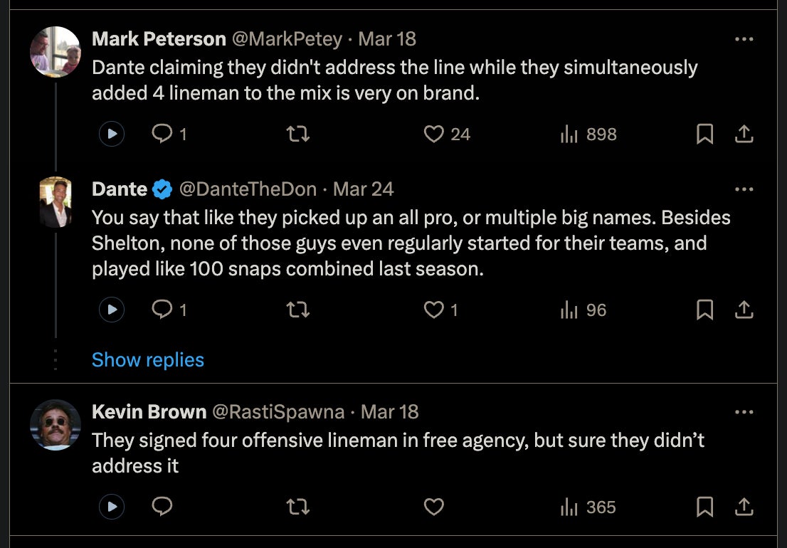 And if you think Poles drafting Kiran Amegadjie, and signing Coleman Shelton at center is an example of them addressing the O-line, then oh buddy we got an entire different subject to talk about.
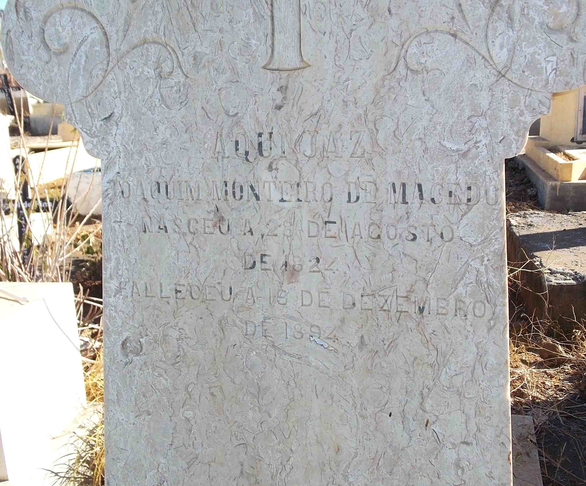 4 "Find a Grave," database ( accessed 16 Nov 2025); Find a Grave, banco de dados e imagens (https://pt.findagrave.com/memorial/185686048/joaquim_monteiro_de-macedo: acessado 16 de novembro de 2025), página do memorial para Joaquim Monteiro de Macedo (28 Ago 1824\endash 19 Dez 1894), ID de Memorial do Find a Grave 185686048, citando Sao Filipe Cemeterio, Sao Filipe, São Filipe, Cape Verde; Mantido por Alan and Linda Martineau (colaborador 49360097).
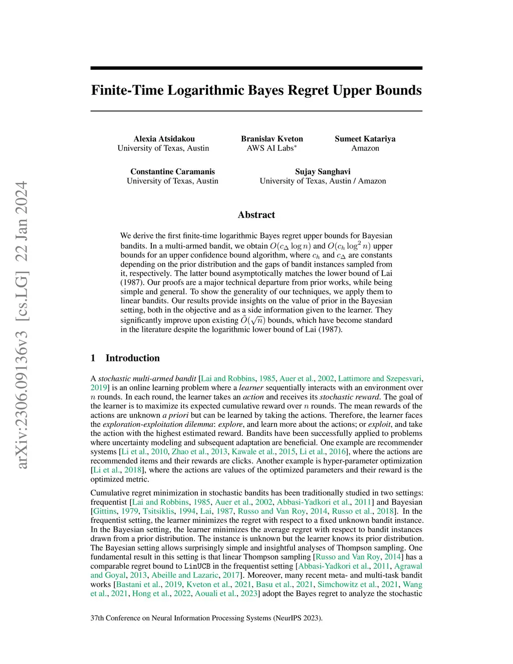 We derive the first finite-time logarithmic regret bounds for Bayesian bandits. For Gaussian bandits, we obtain a bound, where is a prior-dependent constant. This matches the asymptotic lower bound of Lai (1987). Our proofs mark a technical departure from prior works, and are simple and general. To show generality, we apply our technique to linear bandits. Our bounds shed light on the value of the prior in the Bayesian setting, both in the objective and as a side information given to the learner. They significantly improve the bounds, that despite the existing lower bounds, have become standard in the literature.
____
Everything in the listing above except the pictures should be duplicated exactly.

 And if you think Poles drafting Kiran Amegadjie, and signing Coleman Shelton at center is an example of them addressing the O-line, then oh buddy we got an entire different subject to talk about.
 4 "Find a Grave," database ( accessed 16 Nov 2025); Find a Grave, banco de dados e imagens (https://pt.findagrave.com/memorial/185686048/joaquim_monteiro_de-macedo: acessado 16 de novembro de 2025), página do memorial para Joaquim Monteiro de Macedo (28 Ago 1824\endash 19 Dez 1894), ID de Memorial do Find a Grave 185686048, citando Sao Filipe Cemeterio, Sao Filipe, São Filipe, Cape Verde; Mantido por Alan and Linda Martineau (colaborador 49360097).
 We derive the first finite-time logarithmic regret bounds for Bayesian bandits. For Gaussian bandits, we obtain a bound, where is a prior-dependent constant. This matches the asymptotic lower bound of Lai (1987). Our proofs mark a technical departure from prior works, and are simple and general. To show generality, we apply our technique to linear bandits. Our bounds shed light on the value of the prior in the Bayesian setting, both in the objective and as a side information given to the learner. They significantly improve the bounds, that despite the existing lower bounds, have become standard in the literature.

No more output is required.